一聲輕聲的呢喃讓久里動了動,可是卻是沒有醒過來。
顧云傾盯著久里的腦袋半天才起身,下床,將久里從床邊抱到了床上,久里沒有睜開眼睛,只是伸手摟住了顧云傾的脖子,聲音很輕地問顧云傾:醒了?

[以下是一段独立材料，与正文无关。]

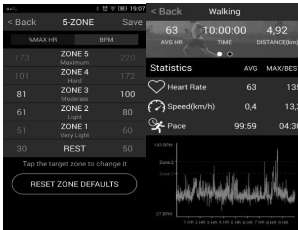
Рис. 2. Дослідження ЧСС з фітнес-браслетом MioFuse

При роботі з медичними гаджетами з вбудованими датчиками пульсу (практично було використано фітнес-браслет MioFuse) на екрані смартфона можна отримати інформацію про максимальне та середнє значення ЧСС, дистанцію, задати діапазон для кардіозон та отримати графічне зображення зміни ЧСС у часі (рис. 2).
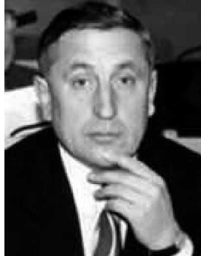
Депутат Госдумы, член Агропромышленного Союза России
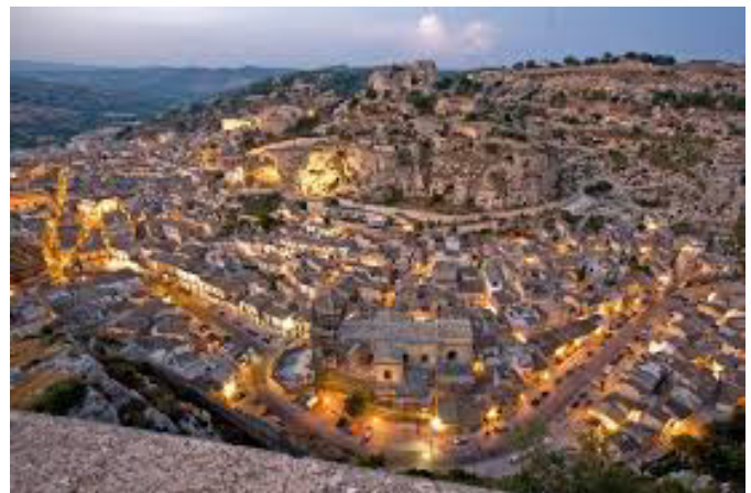
Scicli di notte
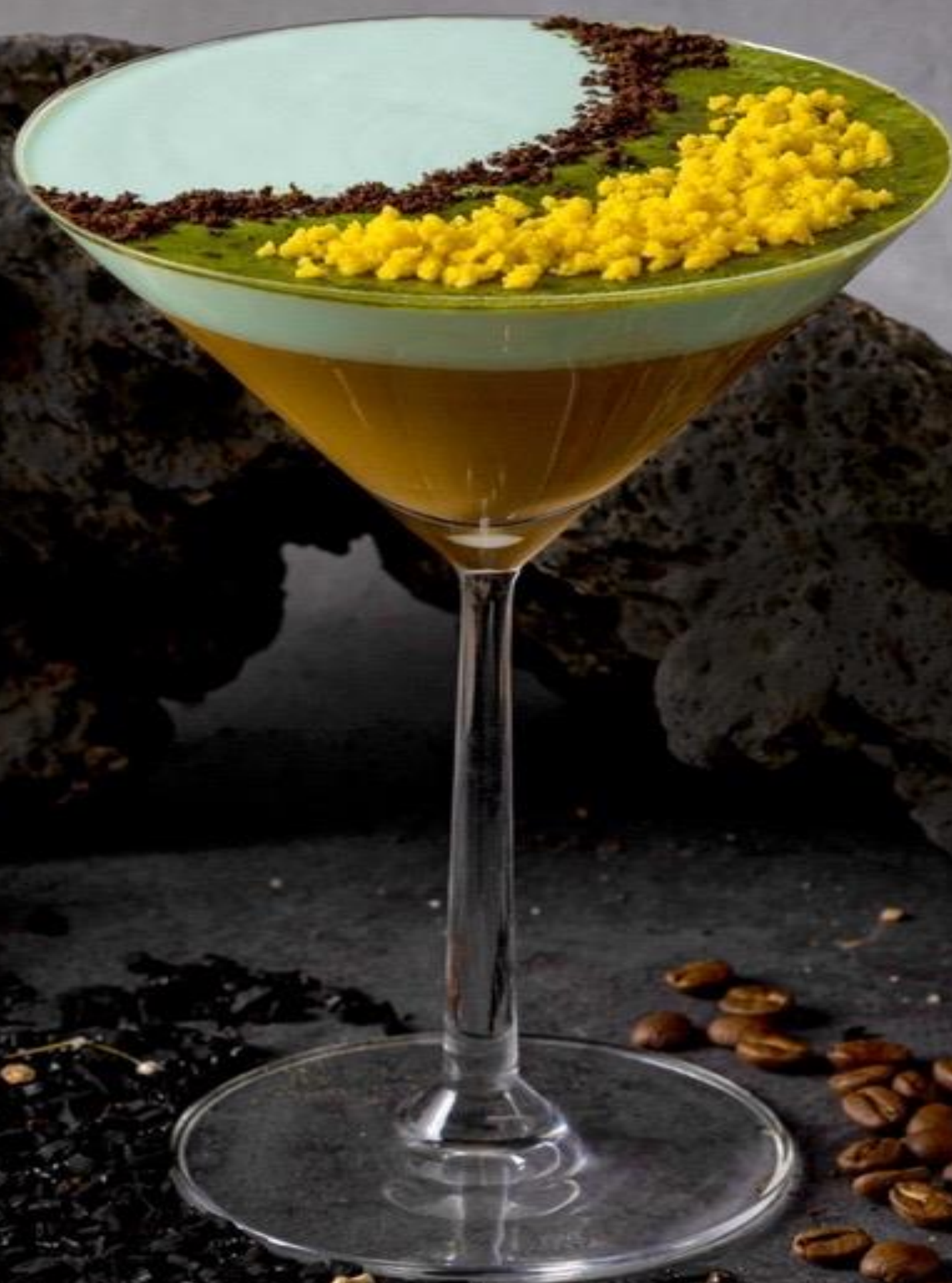
Dream Latte 梦幻拿铁
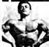
Une poitrine puissante
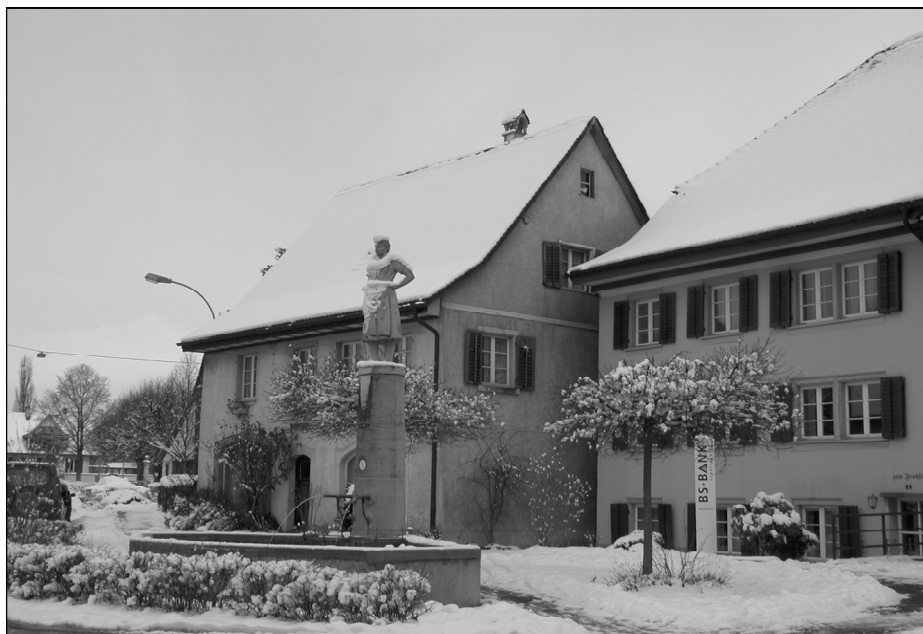
Der Klettgauerplatz in ein winterliches Weiss gehüllt

Das neue Jahr wurde mit schönstem und sonnigem Wetter begrüsst. Ein würdiger Jahresbeginn, so wie man ihn sich gerne vorstellt. An insgesamt sechs Sonntagen – von Mitte Januar bis März – luden die Mitglieder des Schützenvereins zum Besuch in die Besenbeiz ein. Nach einem Sonntagsausflug genossen jeweils Gross und Klein die gemütliche Zeit «im Hom». Ein Extra-Kinderspieltisch mit Überraschung für die Kleinen sowie die «Hundebar» und «Pferdebar» für die Vierbeiner waren eingerichtet, so dass der Aufenthalt am Waldrand jeweils zu einem gemütlichen Erlebnis für die ganze Familie wurde. Ein sympathisches Angebot, das Gluschtiges und Auserlesenes aus der Küche sowie zahlreiche Getränkevariationen sorgten für das
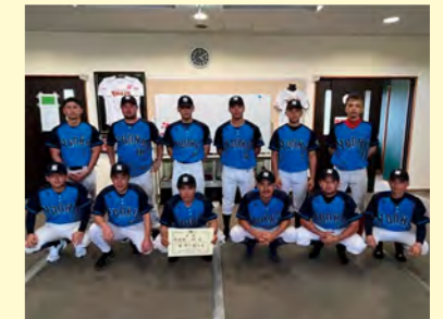
▲軟式野球準優勝の四区
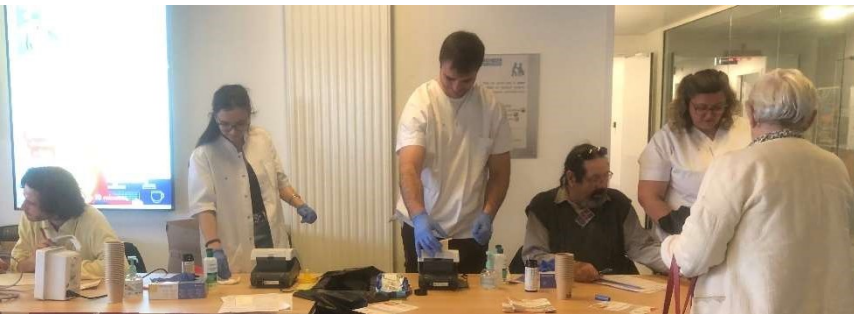
CH d'Agen-Nérac : Pôle Santé de Villeneuve sur Lot (47)
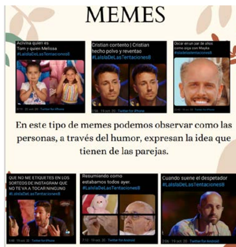
Figura 2: Memes recopilados por una alumna para la práctica. Fuente: trabajo realizado por una alumna

Al ver este corpus de mensajes, el alumnado se da cuenta de la importancia del lenguaje multimodal que se genera en las redes sociales, donde se emplea vídeos, memes, imágenes... para describir la realidad.
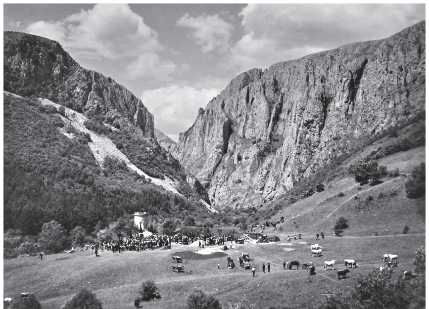
Egyik kedvenc kutatási terepe, a Tordai-hasadék

jára, sántikálva csodálta meg a Dolomitok és az Alpok sziklabirodalmát, de a terepi tájkozódásról nem mondott le. Nem kívánt tétlen hadirokkantként élni; dolgozni, tanítani, kutatni akart, bár ez sokkal több erőfeszítésébe került, mint egészséges pályatársainak. Előfordult, hogy könnyes szemmel kinlódta-kúsza végig a Révi-barlang járatait. Katonai betegszabadsága alatt tette le a pedagógiai szakvizsgát és megszerezte a tanári oklevelet. A kórházi betegágyon, szenvedések közepette jegyezte el magát a tanári munkával.
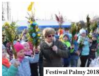
Festiwal Palmy 2018

Dla osób, które wykonają palmy i sianki pochwal przewidziano nagrody. Uczestnicy imprezy ustawią te gigantyczne palmy. Będzie konkursy
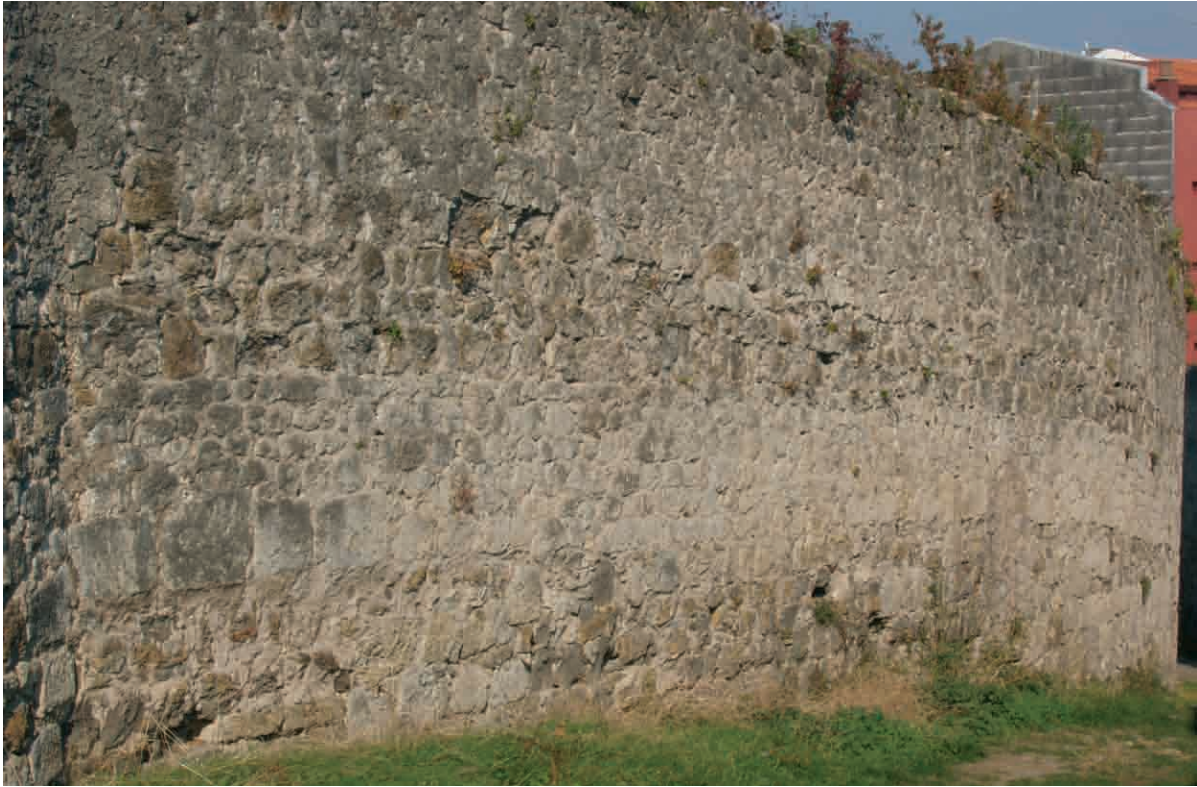
FOTO 3. Muralla de Lekeitio. Se trata del tramo del convento de las dominicas.

Pero ya adelantábamos líneas más arriba, que ninguna muralla es un elemento estático y fosilizado, sino que va evolucionando a la vez que lo hace el casco histórico al que rodea. Una de las transformaciones más evidentes es la que se da en el paso de ronda, entre la muralla y la zaguera de las casas particulares, que en su afán por ir ganando terreno público, acabarán alcanzando la línea de muralla, e incluso incorporándola a la vivienda privada. El proceso es bastante temprano en algunas villas. En San Sebastián en 1471 el concejo concede lienzos de murallas a algunos vecinos para que edifiquen sus casas junto a los muros o cercas viejas, tanto por el interior como por el exterior. Los beneficiados en este caso serán un bachiller, llamado Johan de Elduayen y Martín Sanchez Arayz 32 . En Durango se da un proceso similar, especialmente en la cerca de Kalebarria, donde se ha documentado este «ataque» al espacio público prácticamente desde el siglo XVI, y sobre todo, del XVII en adelante. Incluso se conceden permisos para abrir puertas y ventanas en la muralla.
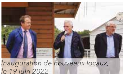
Inauguration de nouveaux locaux, le 19 juin 2022

Nous ne pourrions poursuivre sans évoquer le courage et l'investissement d'hommes et de femmes qui, depuis le début de cette histoire, ont toujours voulu et su partager
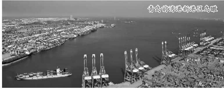
青岛前湾港新港区鸟瞰

海铁联运，在这里实现了无缝对接，同时也打造了“前港后站、一体运作”的海铁联运模式。
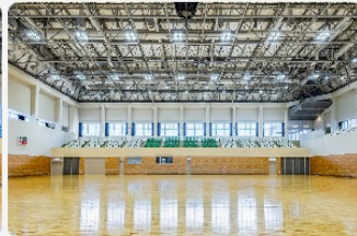
全国区の公式大会も行われています
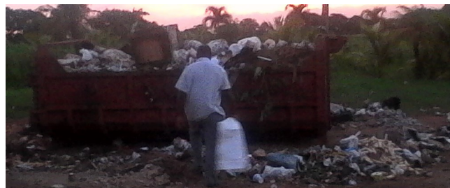
Contenedor destinado a almacenar la basura
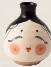
K-334 お多福一輪(徳利) (310cc 6.2cm×2.7cm) 2,000円(税抜)
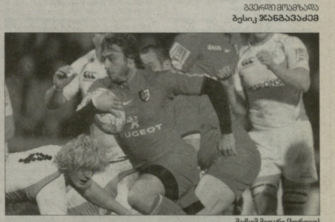
მარტი მდარი (ბურთი)

პირდაპირი თასი გათამაშების მოთხოვნა ერთი გუნდის ფრანგულ "ტულზინს" და მოტადმორი ავსტრიულ "მარტი" მატჩში დასრულდა, რის გამოც ტურის სიმბოლური ნაკრების დასახლება უნდა დაევიანდა. წინა, შესამატ ტურისგან განსხვავებით, აზერული ფრანგული კლბების მორაგებები ურეკონსობაში არიან. საკუბრული მორის ყველაზე მეტი, ზეით მოთამაშე ირლანდიურმა გუნდებმა მაილდესი. თათ-თობი მორაგებ შეცვალა სიმბოლურ ნაკრებში ირლანდიის და უელსის კლბებში. მოტადმორის და იტალიურმა გუნდებმა მე-4 ტურში ნარეგებულად ისპარტა და, ცხელი, გამორჩეული პირები შეცვალა. სიმბოლური ნაკრები 15:2 ფრენდი (ნორსკემბონი), 14:0 მარტი მდარი (ტულზინი), 13:0 კესი ლალუა (კარდიფი), 12:0 რიკი ფლუიტი, 11:0 ტინი ვარდელი (ორიუ-გონსი), 10: ფლემი კონტეგობი (ტულზინი), 9: რუან მონარი (ალსტერი), 1: კანა ლი (ლენსტერი), 2: რანარ მპარი (ოსფრინი), 3: ადამ ჯონსი (ოსფრინი), 4: სანინი ნო (სოსლენი), 5: დომინი ელი (პლანელი), 6: ნონ რიანი (ლენსტერი), 7: მარინი ელიამბი (კარდიფი), 8: ჯიმი მსალი (ლენსტერი).
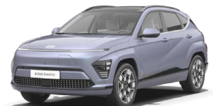
Meta Blue Pearl Metalická Kombinace s černým lakováním střechy Cena: 17 900 Kč
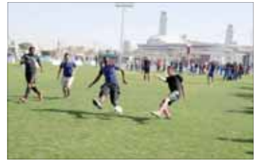
النشاط وفعاليات رياضية

أضاف سعادته: إن مشاركة وزارة المواصلة والاتصالات ثاني مجسداً لرؤية الشركة مع مختلف الجهات العاملة في مجال الشؤون الرياضية للمساهمة في أداء إنسان صحي قادر على المشاركة في مسيرة التنمية والبناء وتحقيق رؤية قطر الوطنية 2030 التي تعتبر الإنسان أهم ركائزها.
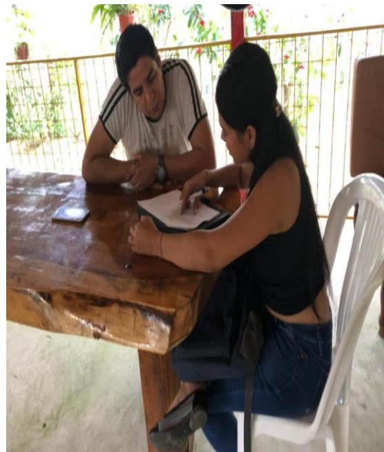
Foto 4.3. Encuesta realizada al Ex Presidente de la Junta Parroquial de Menbrillo- Bolívar, período 2014-2019
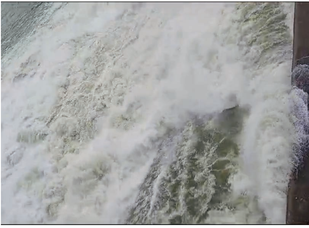
नांदेड - विष्णुपूरी प्रकल्पाच्या पाणलोट क्षेत्रात पाण्याची वाड झाल्याने शनीवारी सायंकाळी प्रकल्पाचे दोन दरवाजे उघडण्यात आले. या दरवाज्यातुन १९६ क्युमेक्स वेगाने पाण्याचा विसरंग होत आहे.
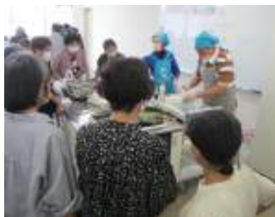
男シェフでつくろう簡単レシピの様子
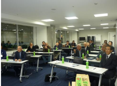
全国で2番目の屋内施設です。
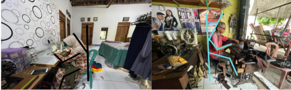
Gambar 2. Gambar postur duduk Responden I dan II

menjahit. Berikut merupakan gambaran postur kerja yang dilakukan oleh para responden dalam penelitian:
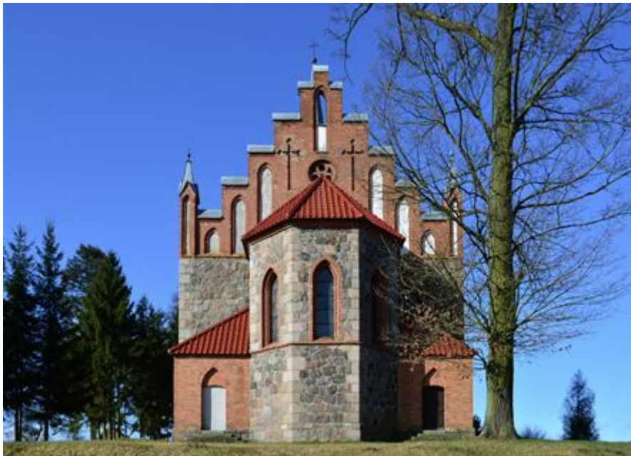
Rysunek 10. Kościół ewangelicki, ob. rzymskokatolicki pw. św. Stanisława Biskupa wraz z otoczeniem w Gwdzie Wielkiej
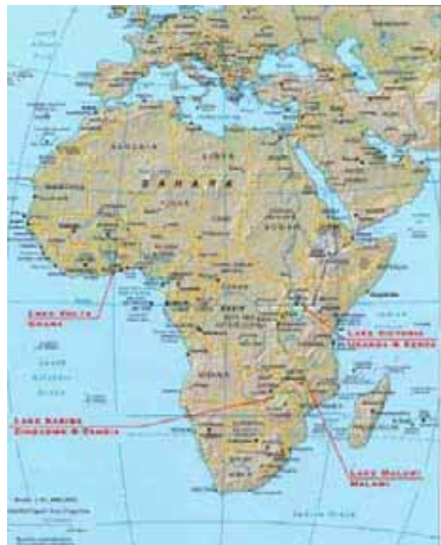
Sites aquacoles en cage en Afrique

Dans la région, les tilapias sont les seuls poissons qui ont fait l'objet d'un élevage en cage (principalement les tilapias du Nil [ Oreochromis niloticus ] et les «chambo» [ O. shiranus et O. karongae ]). Deux ou trois petites expériences – dont nous ne parlerons pas dans cette étude étant

顧云傾嗯了一聲再什么話也沒說,有些事不需要刻意去解釋,只是輕輕的一個動作對方便懂了,就像現在,顧云傾知道久里有很多問題想問,可是久里一定會自己給自己答案而不去刻意問顧云傾,這些顧云傾都知道,久里就是這么要強的人。
即使一個問題,他不問顧云傾也懂。
你再睡會兒就天亮了,天亮以后咱們就回家。
顧云傾說完這句話就躺在了久里的旁邊,久里給顧云傾挪了挪位置,轉身一把將顧云傾緊緊地抱住了,就像一個丟失了家人再次尋到回家路的孩子。
抱的很緊,顧云傾有點喘不過氣來。